Variations in sample mass and sample charging technique can affect test results of some materials. Use of a tool to pack material into the bore during the charging process is common practice, but it can result in variations in test results for some materials if multiple machine operators are involved in the testing process. The amount of force used to pack the material often varies with operators. Similarly, the common practice of purging excess material from the bore to move the piston closer to the starting point of the test can be a source of variation in the test procedure.
A properly performed test begins when the bottom of the piston foot is 46 ±2 mm from the top of the die. The piston foot is required to reach that point within 420 ±30 sec after the material charging has been completed. A preheat time is required to remove trapped air, ensure the material is sufficiently and evenly melted, and stabilize the temperature of the material in the bore to within ±0.2° C of the setpoint prior to the start of the test. A preferable alternative to packing the material or purging it is to use trial and error to determine the optimum amount of material to be charged in the bore, based on the expected flow rate, which will result in the test starting at the proper time. It is common to weigh the material prior to charging or use a volume reference when charging the bore.

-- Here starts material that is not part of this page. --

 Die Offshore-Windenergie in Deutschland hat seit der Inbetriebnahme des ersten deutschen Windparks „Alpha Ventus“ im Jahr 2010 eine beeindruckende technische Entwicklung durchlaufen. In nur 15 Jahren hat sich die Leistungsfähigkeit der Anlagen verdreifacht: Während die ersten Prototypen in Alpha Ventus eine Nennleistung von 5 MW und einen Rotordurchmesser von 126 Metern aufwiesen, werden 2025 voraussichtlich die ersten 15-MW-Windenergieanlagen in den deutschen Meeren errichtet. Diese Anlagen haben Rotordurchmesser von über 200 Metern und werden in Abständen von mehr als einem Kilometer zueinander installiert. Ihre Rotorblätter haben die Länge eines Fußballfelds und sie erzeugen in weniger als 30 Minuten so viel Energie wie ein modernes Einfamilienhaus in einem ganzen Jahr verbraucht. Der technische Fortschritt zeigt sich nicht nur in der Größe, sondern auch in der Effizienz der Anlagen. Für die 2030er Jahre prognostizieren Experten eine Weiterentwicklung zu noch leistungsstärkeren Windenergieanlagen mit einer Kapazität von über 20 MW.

Keeping enough material in the bore can be challenging for materials with higher flow rates. To meet the preheat and start test requirements, it may be necessary to remove the test load from the piston or stop its travel during the preheat period. In some cases, the orifice needs to be plugged to stop the material from running out prior to the start of the test. Care must be used when dealing with high-flow materials to avoid burns.

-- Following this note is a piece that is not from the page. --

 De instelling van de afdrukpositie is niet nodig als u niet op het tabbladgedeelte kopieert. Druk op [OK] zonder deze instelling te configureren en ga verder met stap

Extrudate cutting technique can be a factor in Procedure A tests. Proper cutting technique is an acquired skill and requires practice to get it right, such as where to cut the extruded material as it extrudes from the die at precise intervals. Automatic cutters can be useful but may not work with all materials. Procedure A can be used with materials that have flow rates up to 50 g/10 min. However, it should be noted that the chances for error with manual cutting increases with higher melt-flow values. It is also important to note that the first cut (starting at 46 ±2mm) is considered to be the reportable test result. The practice of making successive cuts and averaging them together should be avoided.
For Procedure B tests according to ASTM D1238, permissible piston travel distances are 6.35 mm (0.25 in.) to 25.4 mm (1 in.). The operator selects the distance based on expected flow rate. The 0.25-in. travel is used for low-flow materials, while the 1-in. travel is used for high-flow materials.
As with Procedure A, the first measurement of a Procedure B test is considered to be the reportable test result. However, many modern testing instruments are equipped with an encoder-based measuring device that will allow the user to divide up the specified travel distance into discrete “captures” and then average the captures to get the reportable test result. This practice is acceptable as long as the specified distances are used.
Procedure B requires the use of a melt-density value, which is the density of the material in its molten state. The melt density is a multiplier that converts volume back into a mass value. ASTM D1238, Table 3 lists generic melt-density factors for virgin PP and PE. These factors will change with additives and processing, so it is more accurate to measure the actual melt density of the specific resin being tested. You can combine Procedure A and Procedure B tests to get both weight and volume data, which allows the calculation of melt density.
If you are suspicious of the melt-flow data you are obtaining, you have plenty of options for checking and updating equipment, examining procedures, and comparing results with those obtained by others. There is a good likelihood that answers to variances will be easily tracked down with some good old-fashioned detective work.